As Dr. Grossman discusses, photodynamic therapy offers another alternative but has not come into widespread use probably due to its cost and increased technologic complexity.

New and Future Treatment Strategies

One of the interesting new treatment strategies discussed in the paper is the concept of perioperative chemotherapy to reduce the incidence of recurrence. This approach is based on the notion that tumor cells may implant on the denuded bladder surface and result in recurrence. This concept has been controversial. To my mind, the best evidence supporting its occurrence comes from studies in experimental animals showing that a suspension of tumor cells will implant on a scarified bladder wall as a reproducible model.[4] The data cited in the manuscript support the notion that tumor implantation does occur and that perioperative treatment may prevent it.

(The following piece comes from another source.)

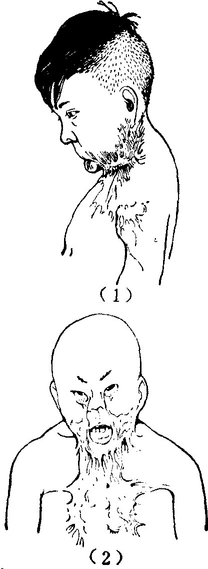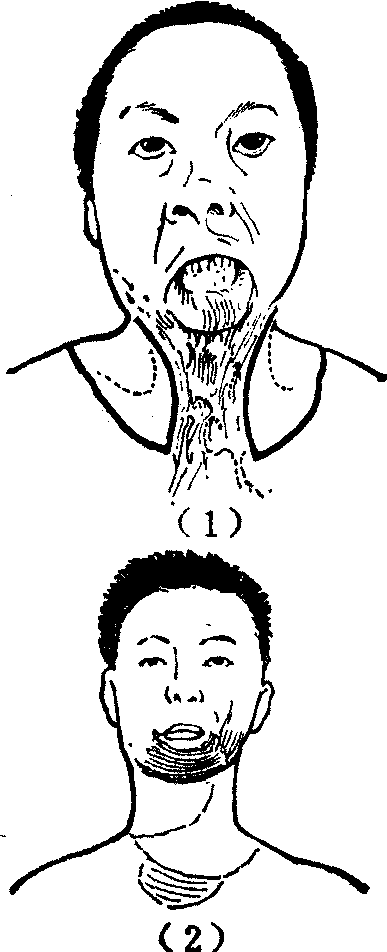 图1 颈部重度瘢痕挛缩所致颏胸粘连 (3)中度: 介于轻度与重度之间的程度不等的挛缩。常由颈部的增生瘢痕所致,瘢痕面积较大,但仍限于颈部。颏部多亦受波及,形成较颏胸粘连为轻的颏颈粘连,致颏颈角消失。仰头时可能出现下唇轻度外翻,和瘢痕对口角、鼻翼、耳垂、下睑等的轻微牵扯,但低头时即均基本恢复常态。头部后仰和转动较受限制。 手术治疗应俟瘢痕稳定已趋软化基底松动后施行。术前准备,应加强口腔卫生保洁,瘢痕表面如有溃疡,也须给予适当处置。 手术要点是: ❶保证手术过程中呼吸道的畅通; ❷彻底松解挛缩; ❸妥善修复创面。 为保证呼吸道畅通无阻,应在经鼻清醒气管内插管麻醉下进行手术。否则,在麻醉诱导过程中,一旦发生喉痉挛或呼吸道梗阻时,因受体位限制,气管切开术或其他紧急抢救措施均难施行。如在术中发生,则临时再行气管内插管,操作不便,且不免招致创口污染。故严重挛缩,虽然头部不能后仰,多只能采用盲插法,难度较大,但亦必须进行。经口插管,在张口状态下不利于挛缩的彻底松解,应经鼻插入。如插管经反复试探确有困难时,可考虑在局部浸润麻醉下,先在颈部挛缩的最紧张部位作一条或几条横向切口,以使头部后仰,降低插管的难度。静脉麻醉法有防止术后呕吐污染创口,以及复苏快等优点,最宜于采用。 为便于彻底松解挛缩,术时应将两肩垫高,以便随挛缩的松解头部有得以充分后仰的余地。挛缩的松解必须彻底,颈阔肌较浅、多亦因烧伤而发生挛缩,也须切除。如为轻、中度挛缩,可将瘢痕完全切除,其与胸腋颌面瘢痕相连的重度挛缩,则切除范围多以能达到充分的松解为限,位在颈侧的创缘应切成锯齿状。术中能否显露出正常深度的颏颈角,可作为检查松解是否彻底的可靠标志。 修复创面应根据创面大小,邻近及周身供皮条件等选择皮片、皮瓣或皮管移植法。 中厚或全厚皮片移植术最常采用,如为包括颌面和胸腋部的重度挛缩,则常是惟一可行的方法。术时应将所植皮片围绕甲状软骨四周行绷线缝合,以保持较好的固定,避免因吞咽活动妨碍该部皮片存活。皮片法的优点是操作简便易行。缺点是因在日常生活和工作中,头部多处于俯首位,因而助长了皮片存活后的皱缩。故术后必须及时采取有力防范措施,以维护稳定的疗效。 皮瓣移植术的皮瓣,多取自颈部及其邻接的前上胸壁。该部皮肤富于弹性,伸展性强,皮下组织较薄,松动,血运好,适于施行局部皮瓣手术。如为轻度的蹼状瘢痕挛缩,宜采用单一或连串Z成形术(图2)。如为轻、中度挛缩,应将颈部残留的正常皮肤,或前上胸壁的皮肤充分加以利用,形成局部皮瓣,旋转推进移转后,用以修复全部创面,或一部分创面,重点是甲状软骨前方部位的创面,其不足部分以皮片移植补充。局部皮瓣的供皮区偶可于行广泛的皮下潜行剥离后缝合,多需移植皮片(图3 )。此法操作虽较单纯皮片移植修复复杂,但术后皮肤色泽好,厚度适宜,外形佳,疗效稳定。此外,还有游离皮瓣法,可以不受局部供皮条件的限制。但应注意选择皮下脂肪层较薄的供皮部位,以免外形臃肿,致使颏颈角不甚显著。

The article alludes to the use of megadose vitamins as a chemoprevention strategy. I put all my patients on megadose vitamins for this purpose.

Finally, superficial bladder cancer provides a fertile ground for gene therapy strategies, which, in the future, may be able to target high-risk patients.

References

1. Lamm DL, Riggs DR, Trynelis CL, et al: Apparent failure of current intravesical chemotherapy prophylaxis to influence the long term course of superficial transitional cell carcinoma of the bladder. J Urol 153:144-1450, 1995.

2. Weintjes MG, Badalament RA, Wang RC, et al: Penetration of mitomycin C in human bladder. Cancer Res 53(14):3314-3320, 1993.

3. Lamm DL, Crawford ED, Blumenstein B, et al: Maintenance BCG immunotherapy of superficial bladder cancer: A randomized prospective Southwest Oncology Group study. Proc Am Soc Clin Oncol 11:203, 1992.

4. Soloway MS, Masters S: Urothelial susceptability to tumor cell implantation: Influence of caterization. Cancer 46:1158, 1980.